We arrived in Tallinn at noon on a beautiful early autumn day, with the sun shining warmly from a cloudless sky. Our bags arrived reasonably quickly, and it didn't take too long to pick up our blue Subaru Forester (not, unfortunately, the bigger Outback that I had booked). The first birds were white wagtails at the airport. We then drove south on the main Tartu road, before branching off west. The countryside is rather flat, with farms and fields interspersed with woods of birch, oak and some spruce. We drove first to Paldiski, a former Soviet naval port, now a depressing mixture of derelict factories and hideous tower blocks. Here, from the cliffs north of the town, we enjoyed our first real birding in bright but breezy conditions. There were eiders on the sea, along with herring gulls and a few great crested grebes, while I eventually managed find a single black guillemot. Moving south were flocks of red-breasted mergansers, the drakes all still in eclipse plumage, some sizeable flocks of brent, a scattering of black-throated and red-throated divers, wigeon and scaup.

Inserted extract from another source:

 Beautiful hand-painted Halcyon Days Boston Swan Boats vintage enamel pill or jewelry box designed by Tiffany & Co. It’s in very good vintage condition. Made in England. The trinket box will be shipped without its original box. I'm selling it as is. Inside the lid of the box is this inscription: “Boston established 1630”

After half an hour we drove back through the town, pausing once to look out over the bay that at one stage edged the road. Here we found our first whooper swan, a single individual, along with a couple of hundred goldeneyes. A lesser spotted woodpecker flew over, though I was the only one to see it. The usual stop at the ruined monastery was almost birdless, at least compared with the spring. Nuthatch (here of the white-breasted northern race) was the best find, along with several jays.

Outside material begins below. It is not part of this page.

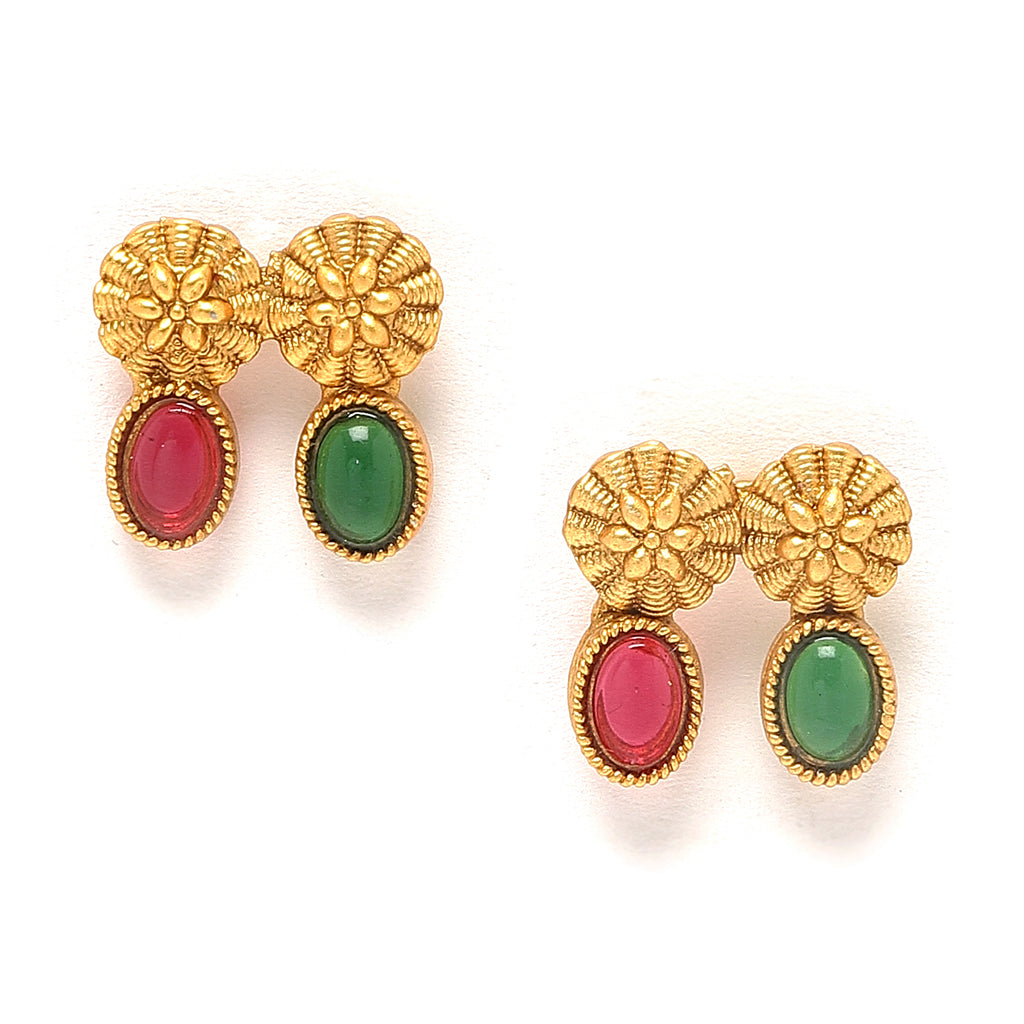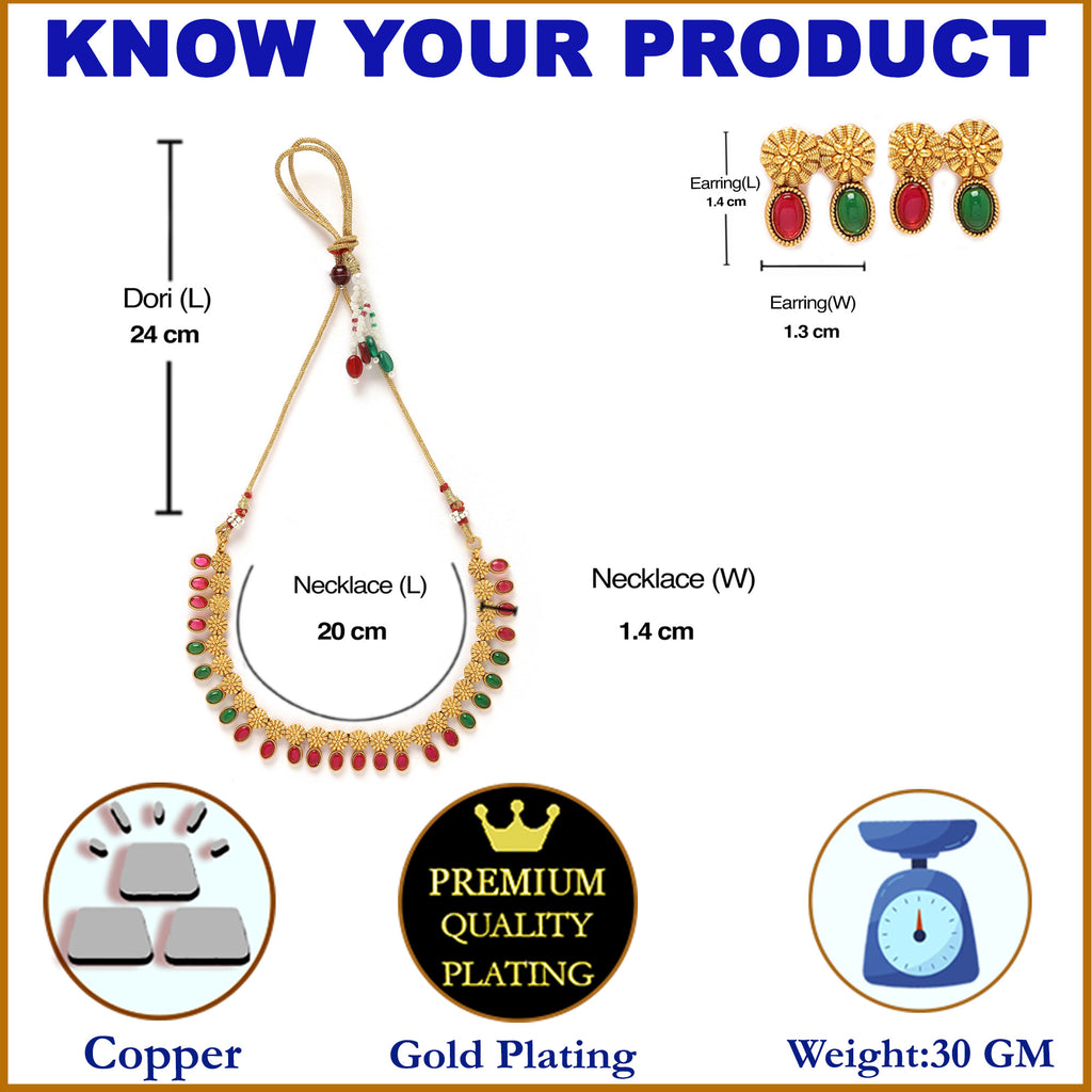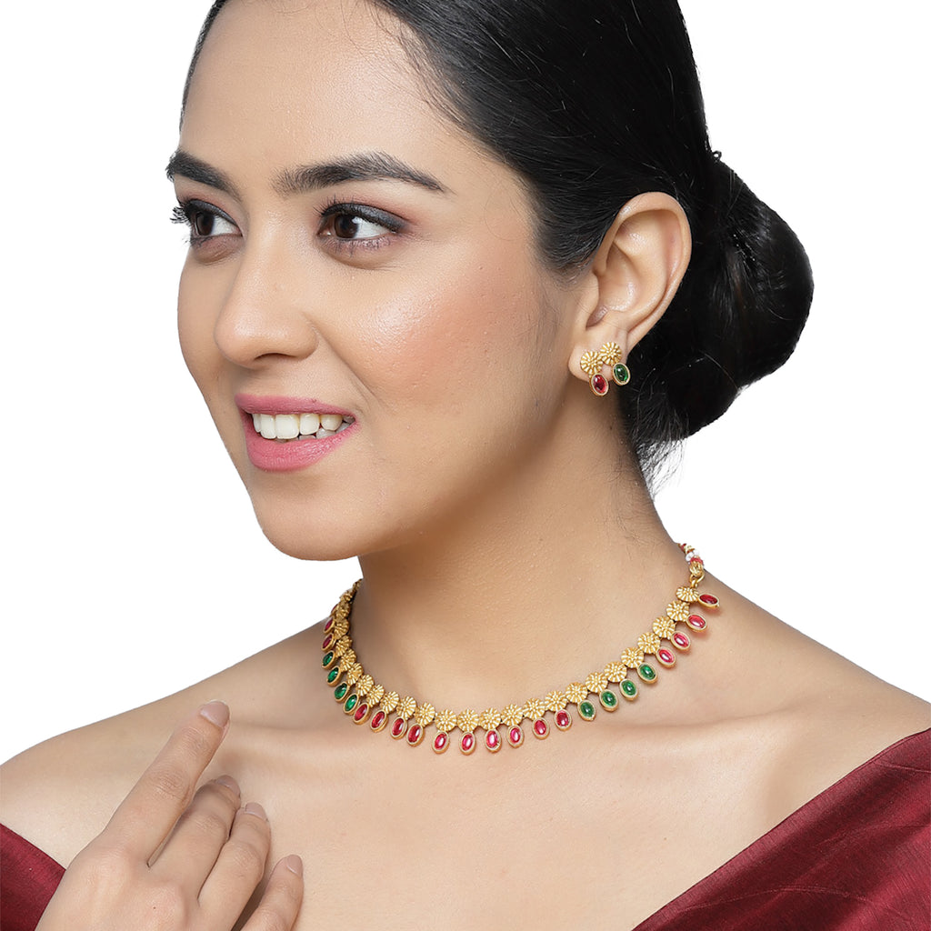 This jewellery set consists of a necklace and a pair of earrings. Gold-Plated red & green cubic zirconia studded floral theme necklace, secured with adjustable drawstring closure. A pair of matching drop earrings, each secured with a post and back closure.

Our next stop was the harbour at Raanakulla where, in spring last year, I had looked unsuccessfully for an alpine accentor that had been seen there the day before. This time, in the warm sunshine, we enjoyed fine views of a lesser spotted woodpecker which I scoped, followed by a party of half-a-dozen woodlarks, plus a couple of wheatears, lots of white wagtails, greenfinches and our first house sparrow. Two or three flocks of barnacle geese moved south, and John and I saw a juvenile tern that was most likely an arctic. Lots of ducks on the water were mainly mallard.
It was now getting late, so time to drive south to our hotel in Haapsalu. Getting to Haapsalu on a mixture of dirt and surfaced roads was easy, but it took us a little while to find our hotel, the attractive Päeva Villa, which comprises of two modern buildings overlooking the bay. My room is tiny, but is clean and neat and has a large bed, so it's comfortable. It also has a good view out over the bay. A little scouting around before dinner produced a number of birds out in the bay, including a distant perched white-tailed eagle and a flock of 160 cranes moving south against the sunset, a wonderful sight.
Dinner wouldn't have won any prizes from Jamie Oliver, but we enjoyed it and did manage to demolish three bottles of a very pleasant Spanish red. (We had to persuade Terry from choosing the most expensive wine on the list). We were certainly all ready for bed by 10pm.
Sunday 24th September
I was woken at 6am by jackdaws calling outside the room, so got up to write this diary. By 7am it was quite light outside and the hooded crows were cawing away noisily. We met at 7.15, and started our day by walking along the edge of the reed bed, looking out to the bay. There was the usual variety of ducks and swans, but all rather distant.
We then drove south through mist and fog to the bay south of town, where we stopped by the ramp to scope the area. Thousands of barnacles were calling unseen not far away, and eventually a great mass came and landed at the edge of the water. There were also several hundred greylags and a single sleeping white-front. Ducks included many pintail and wigeon, as well as teal. Waders were few: a couple of ruffs, three or four dunlins and a flock of lapwings. I eventually found a perched peregrine on the shore, and we saw a female marsh harrier fly past. Out on the short grass in front of us were numerous white wagtails and meadow pipits, as well as a few wheatears. I found a whinchat, while John cleverly picked up a single bluethroat that was promptly chased off by another, never to be seen again. By now the sun was making its warmth felt, which was welcome. It was also time to go back for breakfast, passing a flock of feeding cranes, back-lit by the low sun. Very pretty.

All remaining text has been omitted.